Yes, there is a political obstacle: the small-town xenophobic pensioners who get excited about statues of Robert Baden-Powell and Cecil Rhodes, and who hated the idea of free broadband for their grandchildren, will no doubt wonder where the money’s coming from. But on behalf of millions of young people, working people and the children emerging into adulthood under a fragile socio-economic order, Labour has the duty to confront such arguments and defeat them. Because Biden’s accession to the White House is both an opportunity and a threat. If the US accelerates out of this crisis, while Europe endures another decade of self-inflicted stagnation, the fulcrum of political instability will migrate from Washington to Rome, Paris, Athens and Madrid.

Britain, which has monetary sovereignty, belongs in the category of countries that can borrow, spend and print money at will.

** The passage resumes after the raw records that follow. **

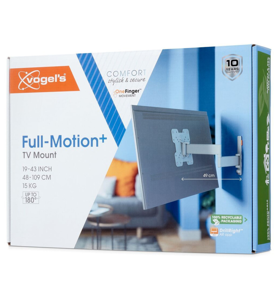 Stylowy i wytrzymały uchwyt ścienny typu Full-Motion+ z serii Comfort z długim ramieniem o szerokim zakresie regulacji obrotu i pochylenia, dedykowany do mniejszych telewizorów o przekątnej ekranu od 19" do 43" i wadze do 15 kg.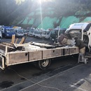 レンタルトラックで貸出する予定のクレーン、荷台のリアアオリと鳥居が大きく曲がっており、叩いて加工しても修正が難しいと判断して、リアアオリと鳥居を交換です。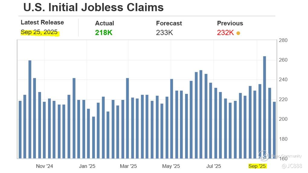 • For week ended 20 Sep 2025, US weekly jobless claims fell by 14,000 to 218,000 vs market estimates of 233,000 vs 13 Sep 2025’s claims of 232,000.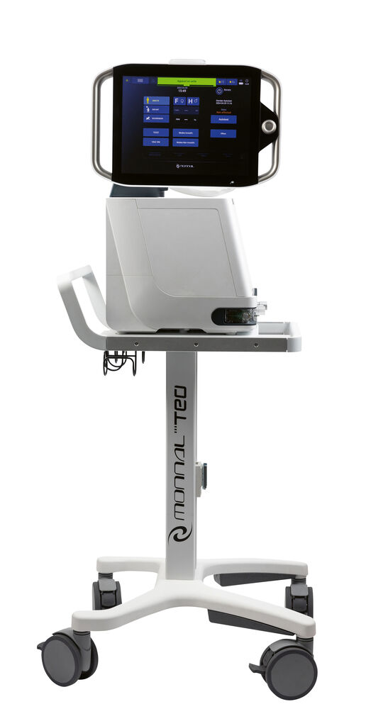 Monnal TEO is a ventilator for the intensive care unit. The user interface of the 15" capacitive touchscreen uses a dark colour scheme to improve the visibility and contrast of ventilation curves and clinical values, while a prominent alarm indicator is easy to notice even from a distance. A clearly structured connection area in grey simplifies the handling of external devices. The minimalist design with rounded housing edges characterises the professional appearance.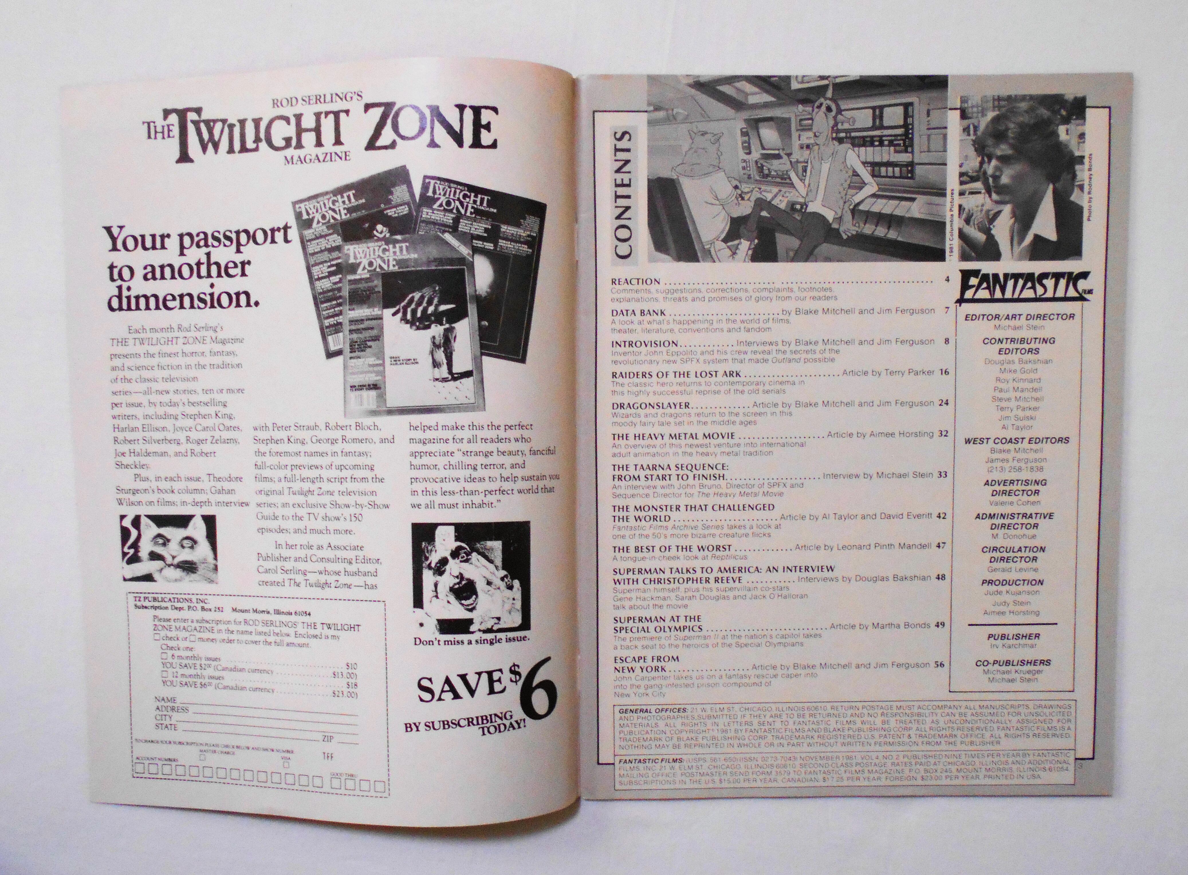 【ファンタスティック・フィルム FANTASTIC FILMS】 #26 VOL.4 NO.2 NOV. 1981 - HEAVY METAL MOVIE / RAIDERS OF THE LOST ARK / DRAGONSLAYER / SUPERMAN II / ESCAPE FROM N.Y. / OUTLAND SPFX etc | LINUS' BLANKET COMIC SHOP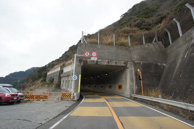 ![]() 旧道洞門群をつっきり、海上道路橋の駐車場まで戻ってきました。 この場所で旧道と現道が合流し、石部隧道に突っ込みます。手前のこの洞門は現道改修時に新設されたものです。 折角なんで、石部隧道もチェックすることに。 |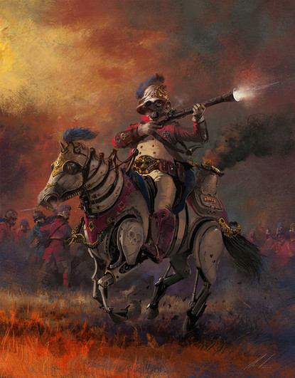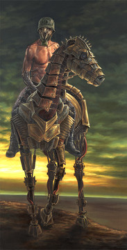 This really does bring to mind a sense of contemplation in regards to the focus of the piece, the rider who is pulling the reigns on his mechanical horse to a halt as they look out towards the distance - maybe something of interest or maybe just looking at the sights that we can't see.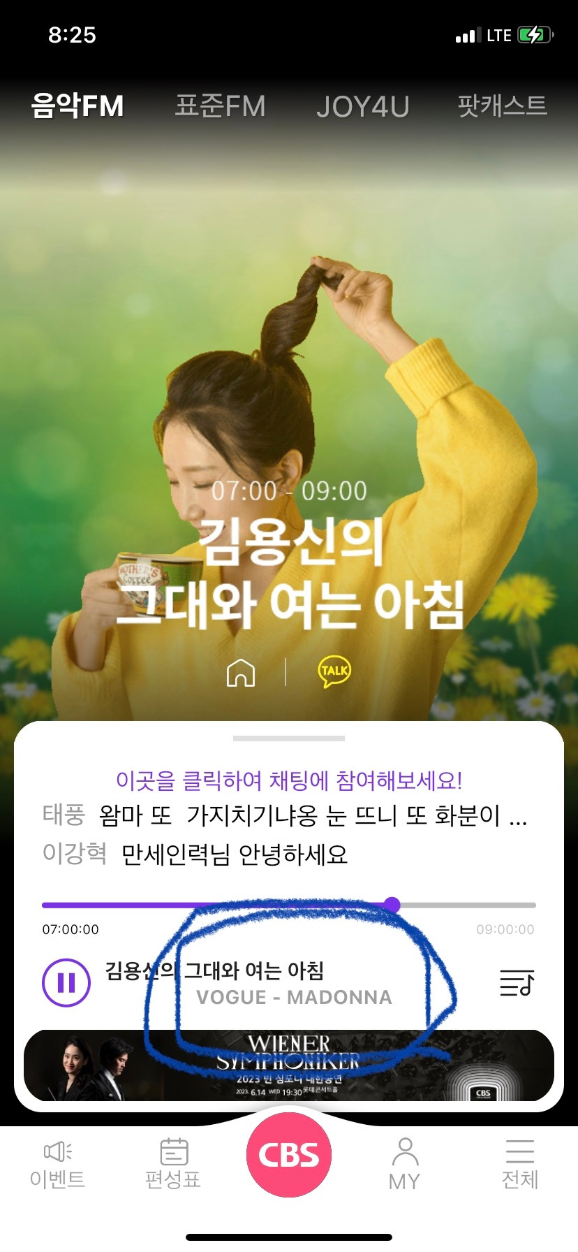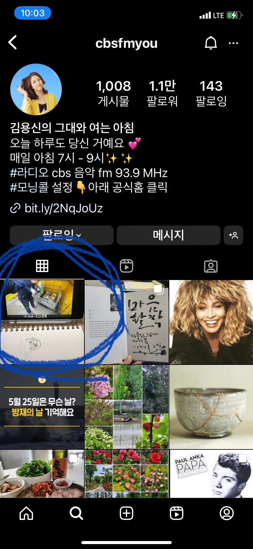 아침에 CBS김용신의 그대와 여는 아침인스타에 내얼굴과 그림 작업하는 사진이 올라와서(몇일전에 보냈던 사진) 신기해서 문자 보내며 신청곡 보냈더니 얼마 안되서 마돈나의 보그가 나오는게 아닌가(얘—!!!! 환호를 질렀음 ㅋㅋ) 사연 소개는 내가 차에서 내려야 해서 못들었음.

Though it should not raise the tax burden immediately, the UK could restructure taxation even now to reap some of the gains in asset prices and to force the tech giants to book profits onshore.

For decades, economic elites have used states to impose market norms of behaviour on to civil society. The Covid-19 pandemic demands an end to this. From now on, the state should be used to drive productivity, growth, well-being, public health and access to culture. That is the essence of Labour’s difference with the Conservatives, even if both end up committed to a bigger state – and it’s what needs to be translated into a few clear proposals, summarised in plain language. Given that the biggest winner from the pandemic has been state-capitalist China, the prize we’re playing for is not simply economic recovery, or social justice, but the legitimacy and survival of democracies.

The Democratic half of the US political elite gets it. Does the Labour-voting half of ours?